Items from a dataset:

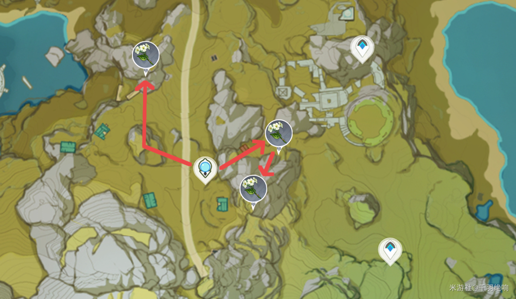 路线点/2/奥藏山北、华池岩岫(秘境)/>>>/数量 4 朵
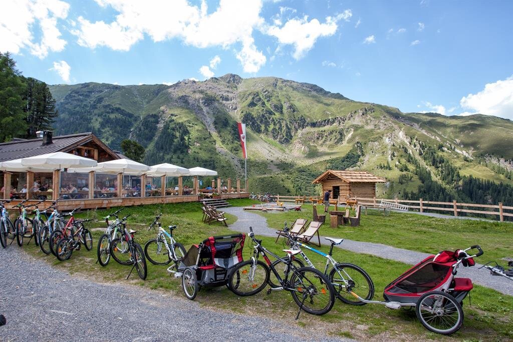 Mit der Schönjochbahn aufs Schönjoch und dann über die Nordseite bis zur Schöngampalm wandern! Nach einer Rast gehts mit dem Mountainbike über den 13 Kilometer langen Forstweg zurück nach Fiss!
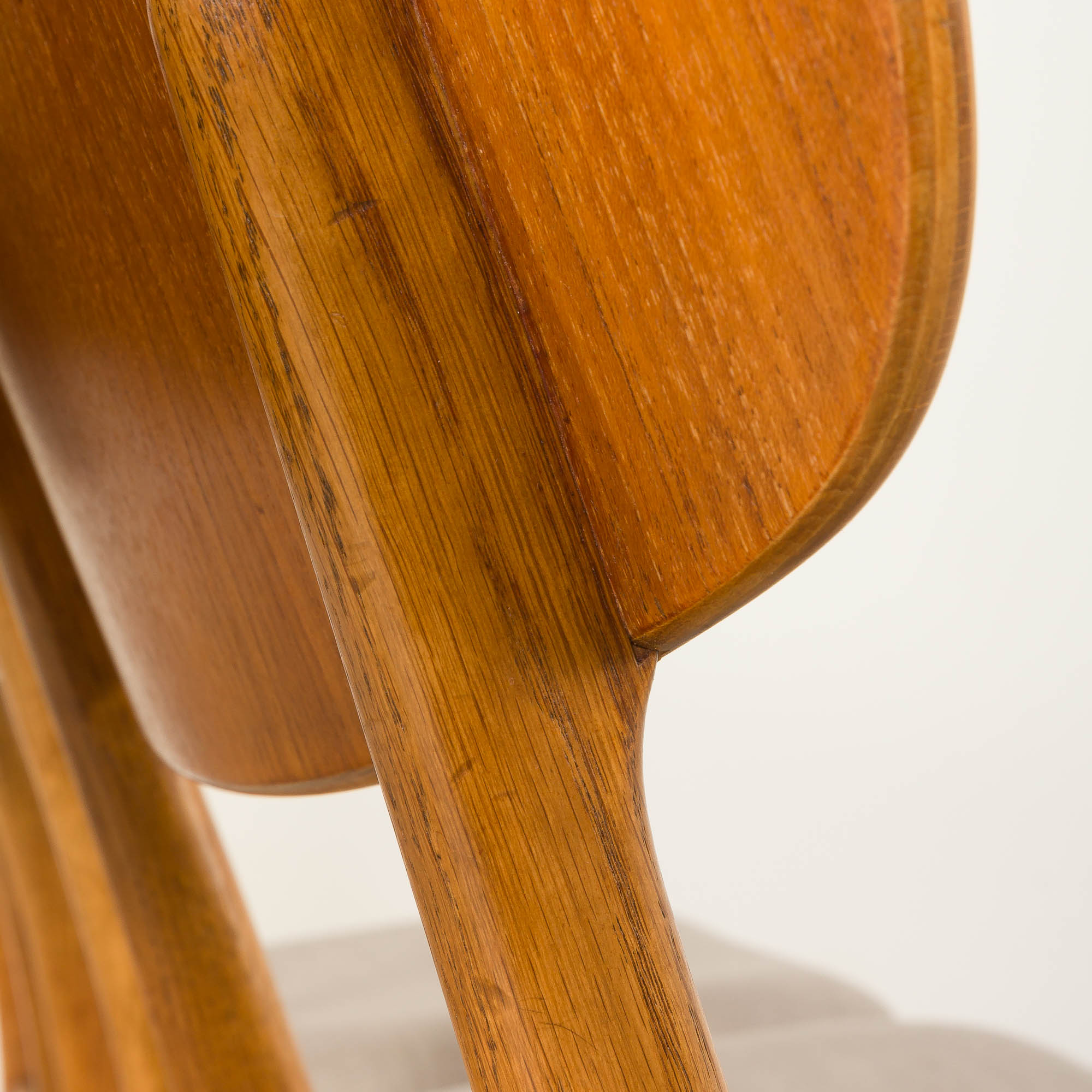 Made from solid oak with backrests veneered in teak. The chairs feature meticulously crafted frames; the solid wood has been masterfully carved and joined. The entire wooden construction is built to last for decades, providing comfortable seating even during long dinners.
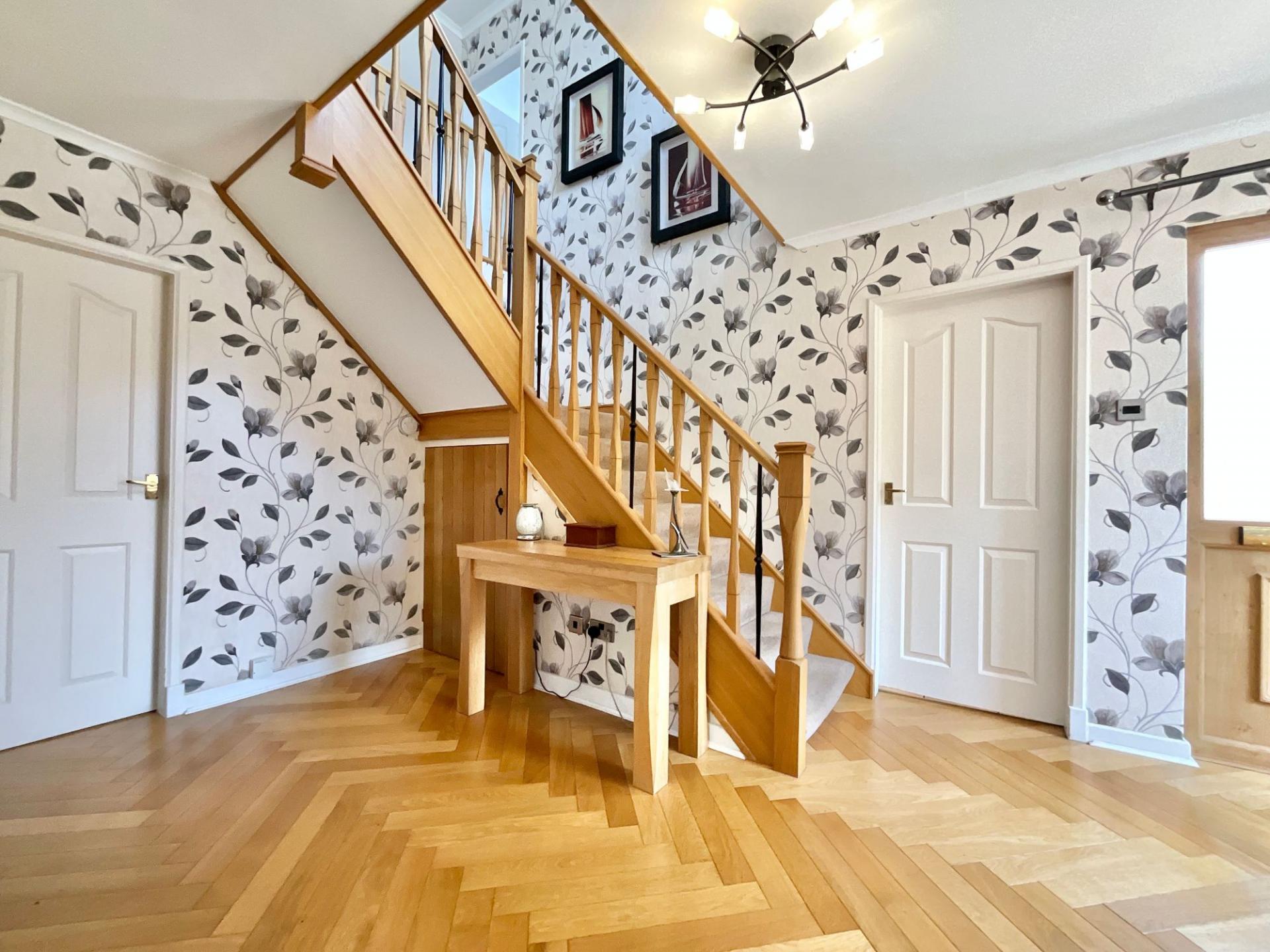 - An impressive entrance hallway with a winding staircase, galleried landing, guest W.C on the left, kitchen/breakfast room to the right, as well a utility room, laundry room and large study.
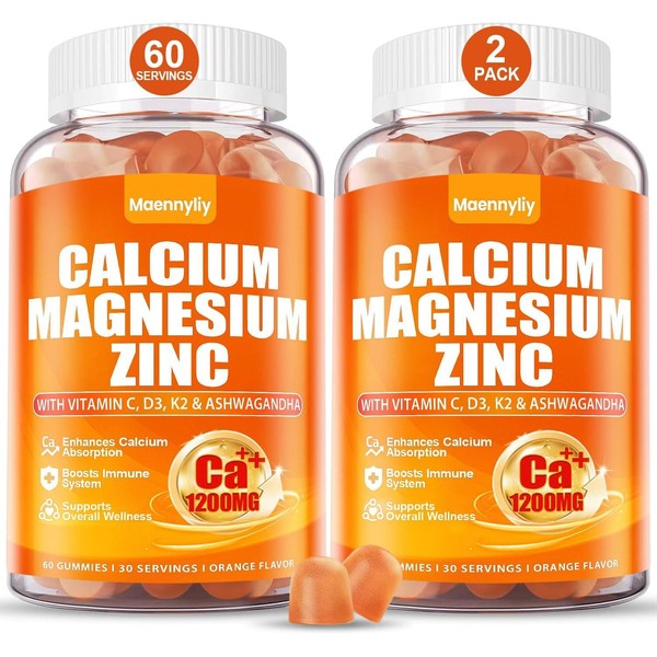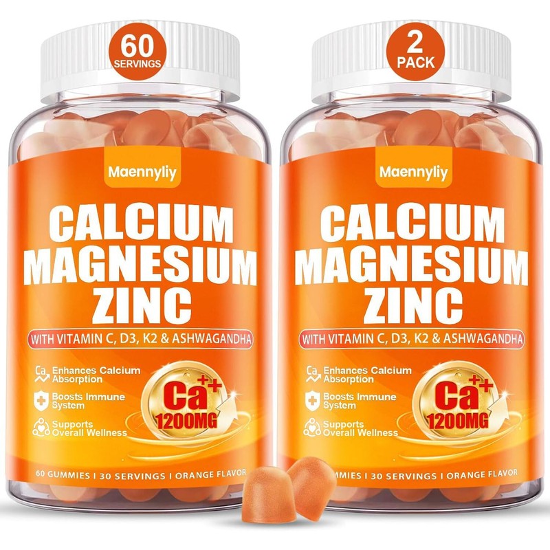 - HIGH BIOAVAILABILITY CALCIUM FORMULA: Our Calcium Magnesium Zinc supplement includes calcium 1200 mg, along with Magnesium, Zinc, Vitamin C, D3, K2, Boron, Copper and Ashwagandha Extracts. Calcium is presented in the form of calcium Citrate, which is gentler on the stomach compared to Calcium Carbonate, making it easily absorbed by the body, acting quickly, and with super high bioavailability. Simply take 2 of our Calcium Gummies daily to fulfill your calcium needs.

__Assignment__
What is needed is an exact copy of all the data, with no images in it.

__Completed task__
 路线点/2/奥藏山北、华池岩岫(秘境)/>>>/数量 4 朵
 Mit der Schönjochbahn aufs Schönjoch und dann über die Nordseite bis zur Schöngampalm wandern! Nach einer Rast gehts mit dem Mountainbike über den 13 Kilometer langen Forstweg zurück nach Fiss!
 Made from solid oak with backrests veneered in teak. The chairs feature meticulously crafted frames; the solid wood has been masterfully carved and joined. The entire wooden construction is built to last for decades, providing comfortable seating even during long dinners.
 - An impressive entrance hallway with a winding staircase, galleried landing, guest W.C on the left, kitchen/breakfast room to the right, as well a utility room, laundry room and large study.
 - HIGH BIOAVAILABILITY CALCIUM FORMULA: Our Calcium Magnesium Zinc supplement includes calcium 1200 mg, along with Magnesium, Zinc, Vitamin C, D3, K2, Boron, Copper and Ashwagandha Extracts. Calcium is presented in the form of calcium Citrate, which is gentler on the stomach compared to Calcium Carbonate, making it easily absorbed by the body, acting quickly, and with super high bioavailability. Simply take 2 of our Calcium Gummies daily to fulfill your calcium needs.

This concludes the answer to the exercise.